[Opening RECORDS SUPPLIED section]

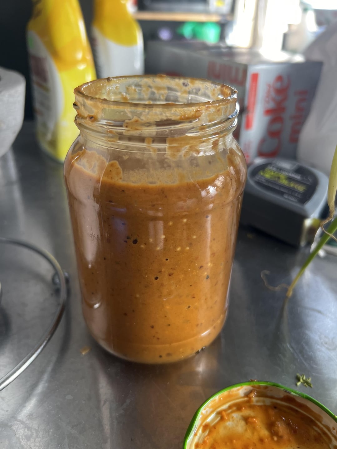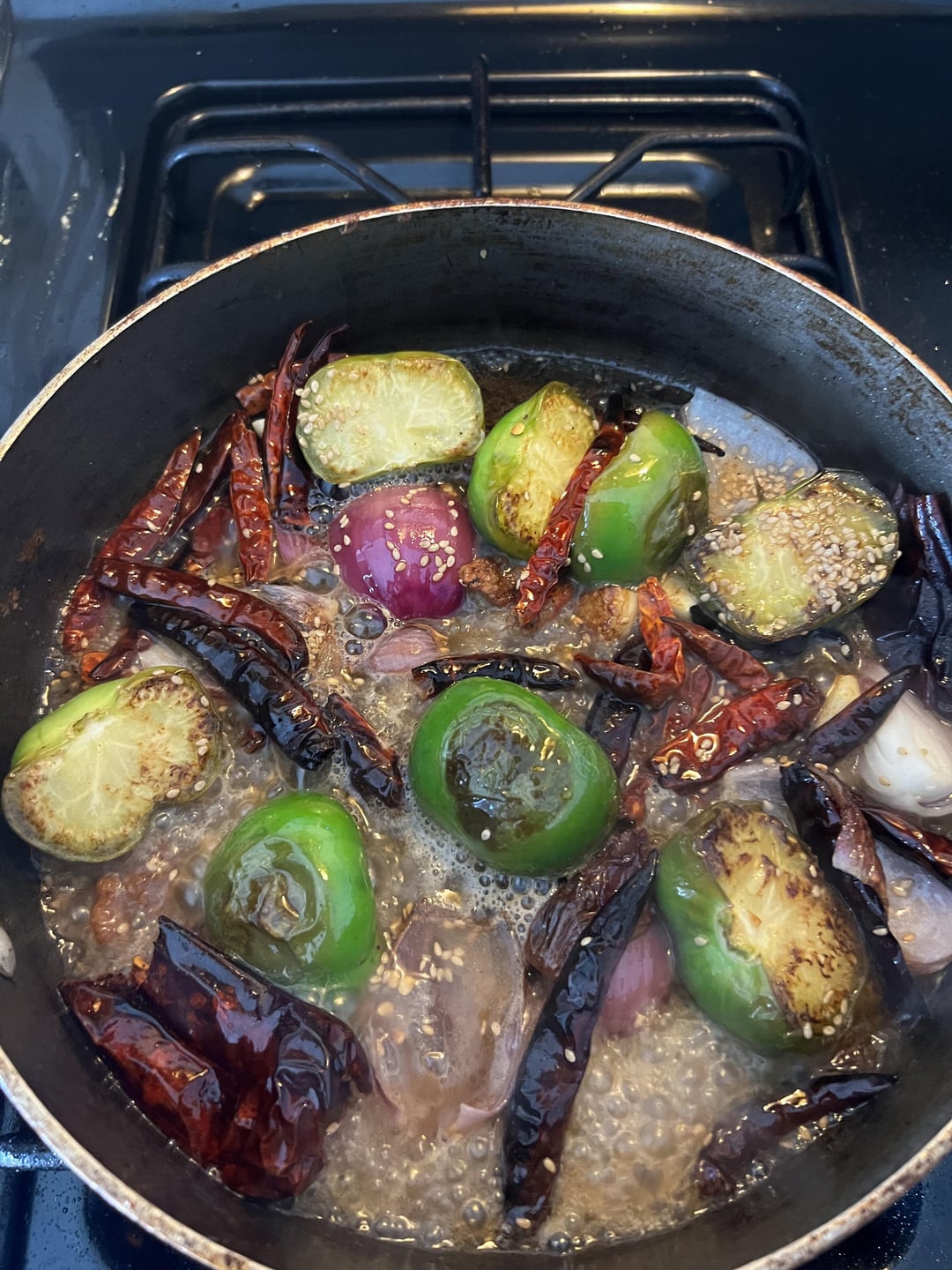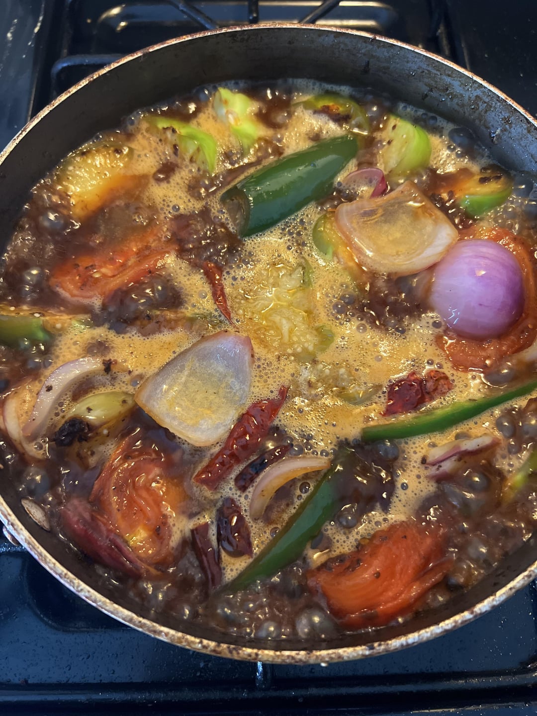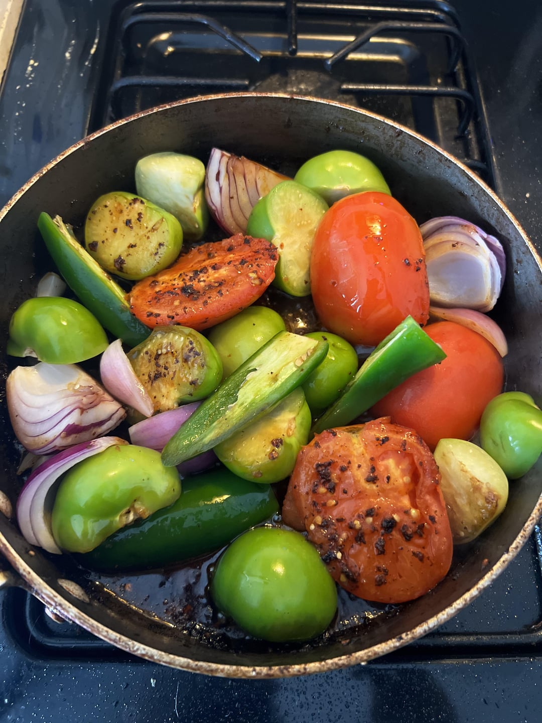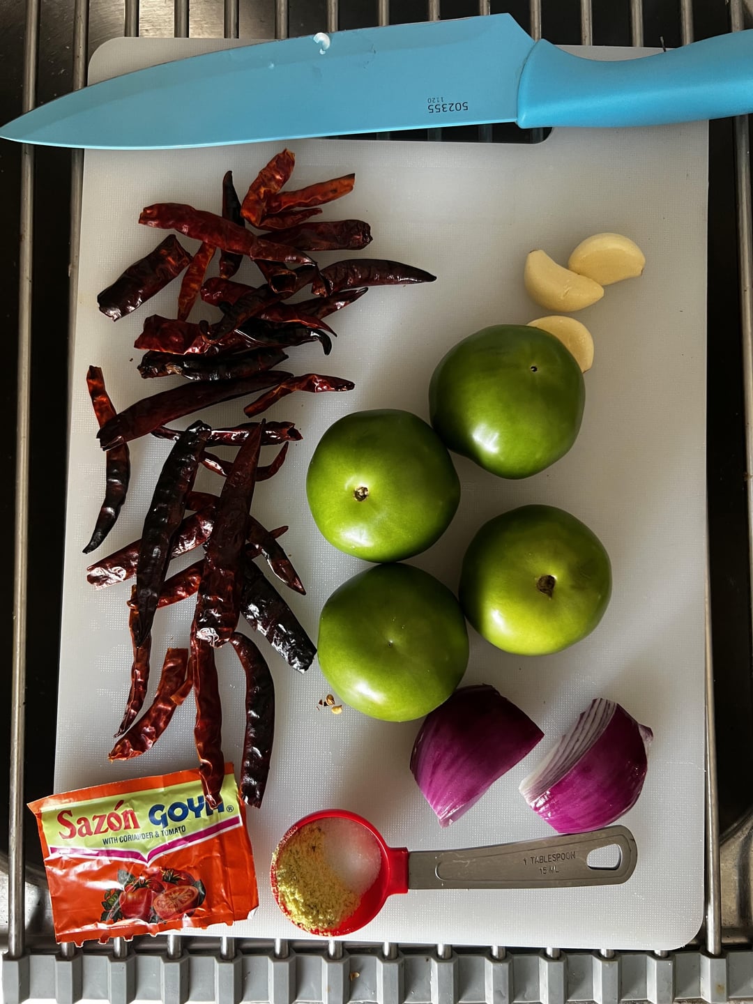 I charred the tomatillos, pork fat and onion in vegetable oil. Then I introduced the garlic, let it brown, and toasted the chiles a bit. Toasted the sesame seeds. Added the beer, cooked veggies down further. Added all ingredients to the blender, including the salt, buillon, sazon, 1 cup of water and ginger.
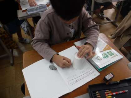 円はコンパスだけでなく、いろいろな方法で描けることを学びました。コップの底を使ったり、厚紙をコンパス代わりにしたり。普段の生活に役立てたい!!と言っていた子もいました。他にどんな方法があるのかまた見つけてみてくださいね。
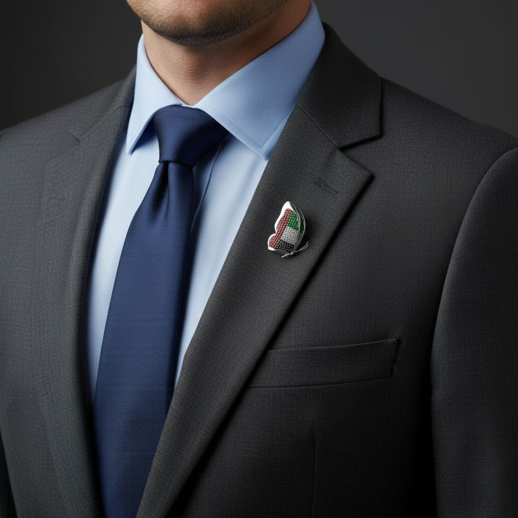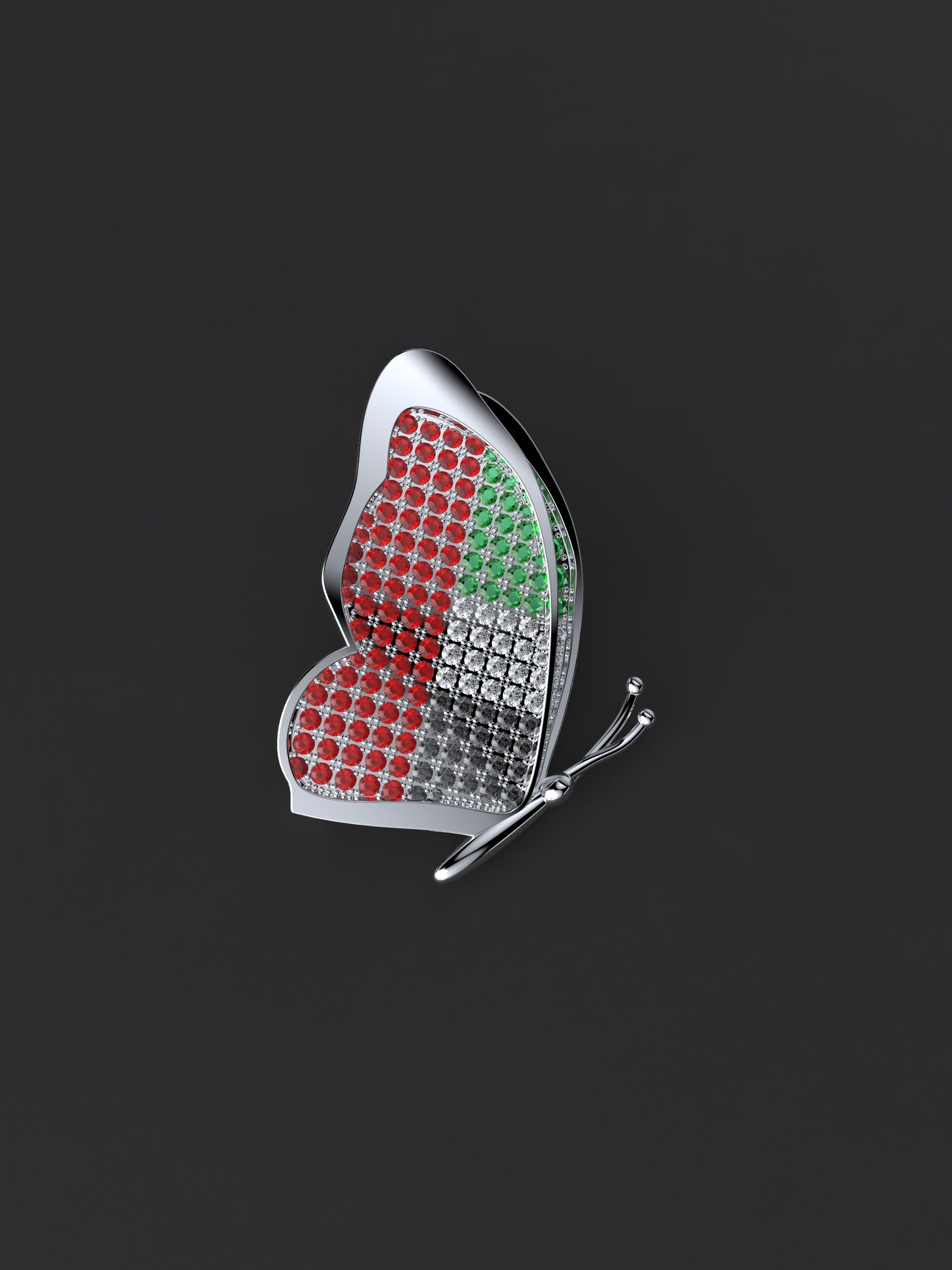 UAE National Day Butterfly Brooch - Sterling Silver - Moissanite
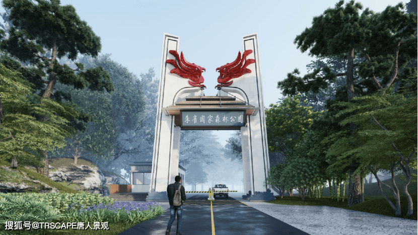 以汉风作为设计主题元素,高耸造型形成迎宾之门的仪式感,对称红色朱雀嵌入造型之上,与公园主题名称遥相呼应。
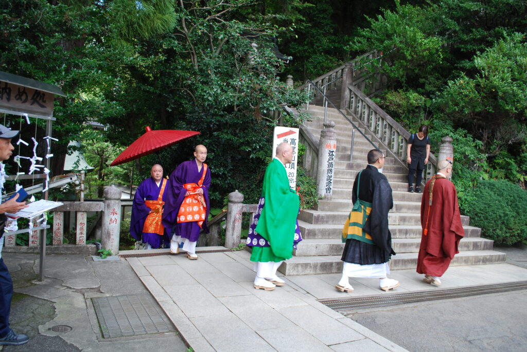 《下山後に、薬王院本堂への僧侶の参列に遭遇しました。》
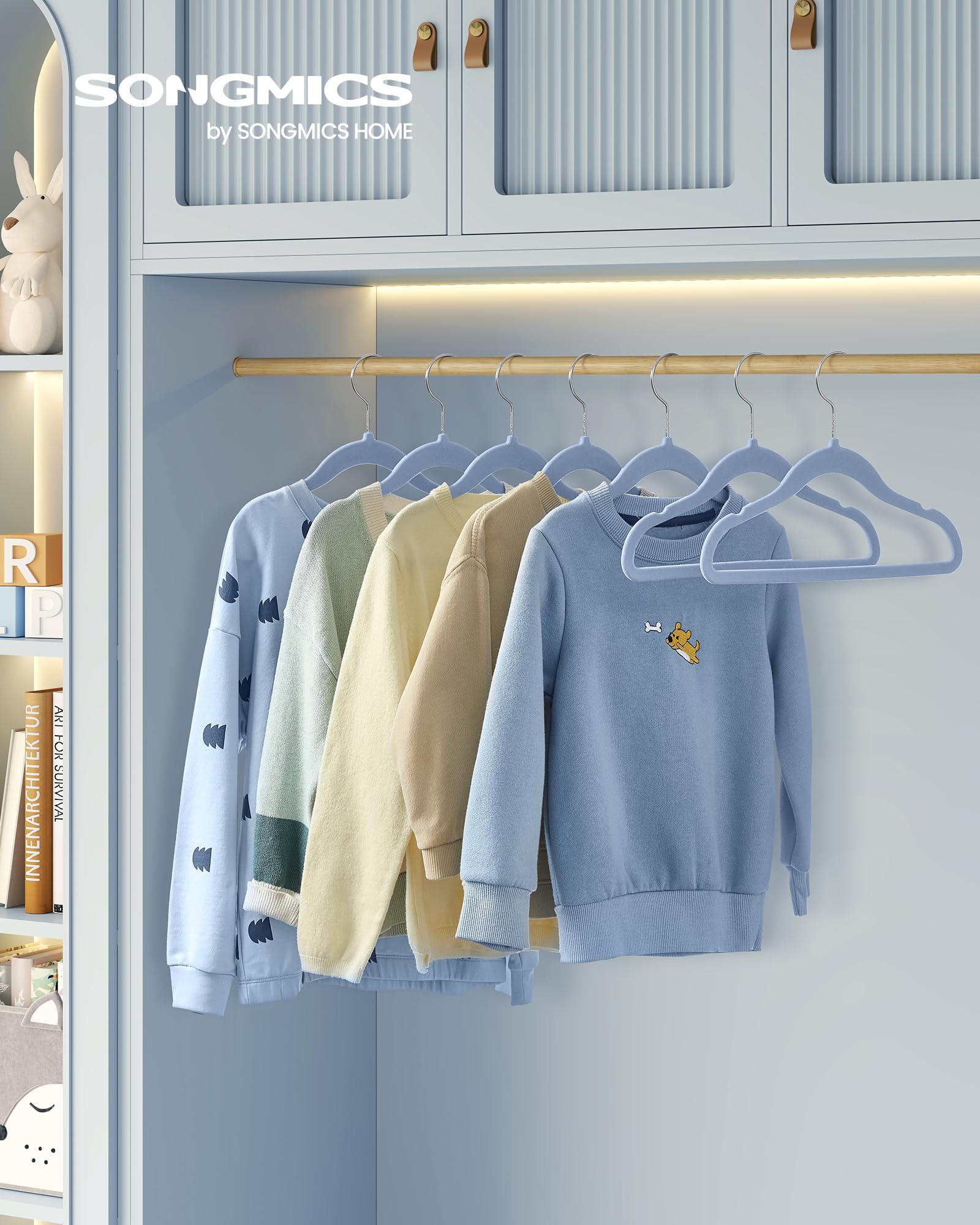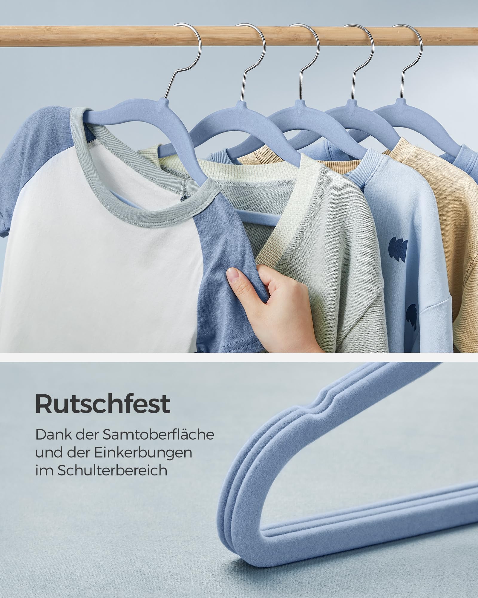 SONGMICS Children's Hangers, Set of 50 Kids Hangers, Baby Hangers, Velvet Hangers, 360° Rotating Hook in Silver, Space-saving, Non-slip, for Wardrobe, Pale Blue CRF027Q05

[Closing RECORDS SUPPLIED section]

# WHAT IS EXPECTED
Set every record down verbatim. No pictures belong in the copy.

# OUTPUT FOR THIS TASK
 I charred the tomatillos, pork fat and onion in vegetable oil. Then I introduced the garlic, let it brown, and toasted the chiles a bit. Toasted the sesame seeds. Added the beer, cooked veggies down further. Added all ingredients to the blender, including the salt, buillon, sazon, 1 cup of water and ginger.
 円はコンパスだけでなく、いろいろな方法で描けることを学びました。コップの底を使ったり、厚紙をコンパス代わりにしたり。普段の生活に役立てたい!!と言っていた子もいました。他にどんな方法があるのかまた見つけてみてくださいね。
 UAE National Day Butterfly Brooch - Sterling Silver - Moissanite
 以汉风作为设计主题元素,高耸造型形成迎宾之门的仪式感,对称红色朱雀嵌入造型之上,与公园主题名称遥相呼应。
 《下山後に、薬王院本堂への僧侶の参列に遭遇しました。》
 SONGMICS Children's Hangers, Set of 50 Kids Hangers, Baby Hangers, Velvet Hangers, 360° Rotating Hook in Silver, Space-saving, Non-slip, for Wardrobe, Pale Blue CRF027Q05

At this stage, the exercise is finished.